- Born: June 9, 1960 (age 66) Yurga, USSR
- Education: Tomsk State University
- Scientific career
- Fields: Health Services Research

= Boris Sobolev =

Canadian health services researcher

Boris Sobolev is a Russian-born Canadian health services researcher. He is an author of Analysis of Waiting-Time Data in Health Services Research and Health Care Evaluation Using Computer Simulation: Concepts, Methods and Applications, and is Editor-in-Chief of the Health Services Research series published by Springer Science+Business Media.

==Biography==

Sobolev received a University Diploma in Applied Mathematics from Tomsk State University in 1983, a PhD in Applied Statistics from the USSR Academy of Sciences in 1989, and completed his post-doctoral training at the International Institute for Applied Systems Analysis in Austria in 1990. He came to Canada to work at Queen's University in Kingston, Ontario in 1996, and joined the University of British Columbia, Canada as a professor at the School of Population and Public Health in 2008. There he has taught a variety of courses, and introduced a new course on causal inferences into the curriculum. He also leads the Health Services and Outcomes Research Program at the Centre for Clinical Epidemiology and Evaluation.

==Research==

Sobolev started his academic career at the Radiation Epidemiology Institute at the National Academy of Science of Ukraine, studying cancer risk in relation to exposure resulting from the Chernobyl accident. At Queen's University, he worked at the Centre for Health Services and Policy Research, examining how people get access to health care, what services they use, and what happens to patients as a result of this care. Sobolev is best known for pioneering the epidemiological approach to studying risk of adverse events in relation to time of receiving medical services. Currently, he leads the Canadian Collaborative Study on Hip Fractures.

== Teaching ==
In 2014, Sobolev introduced the course "Causal Inference in Public Health Sciences" to the graduate curriculum of the School of Population and Public Health, the University of British Columbia. The purpose of this course is to develop competency in applying causal inference methodology to observational data.

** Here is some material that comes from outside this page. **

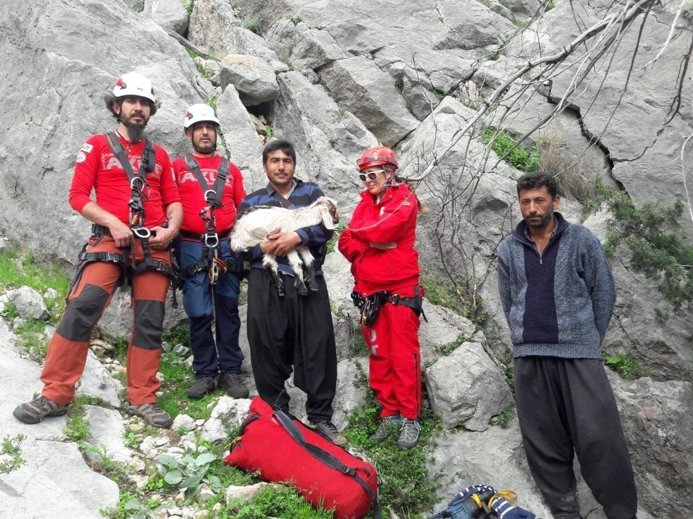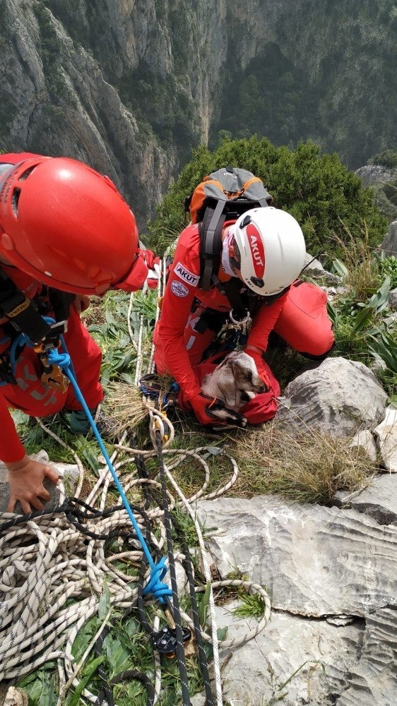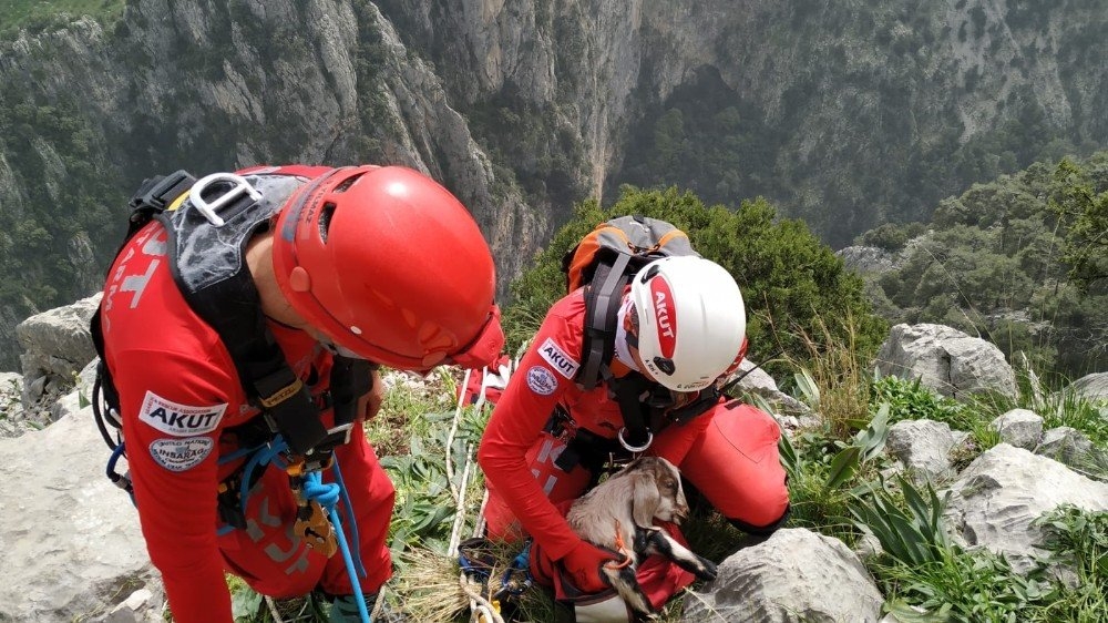 Mersin'de Kayalıklarda Mahsur Kalan 3 Keçi, 6 Saatlik Operasyonla Kurtar

It addresses a recognized need for a graduate-level course that links concepts and practical skills for making causal inference in epidemiology, health services research, occupational and environmental health.

==Honours and awards==

Sobolev was awarded a Young Scientist Summer Program Fellowship at the International Institute for Applied Systems Analysis in Vienna in 1990, was the 2004 PWIAS Early Career Scholar award recipient, and became the Canada Research Chair in Statistics and Modeling of the Health Care System in 2003 - a distinction he held through to 2013.

== Health Services Research series ==
Sobolev serves as Editor-in-Chief for this 5-volume series published by Springer. The first two volumes of the series, Medical Practice Variations and Comparative Effectiveness Research, were published in 2016.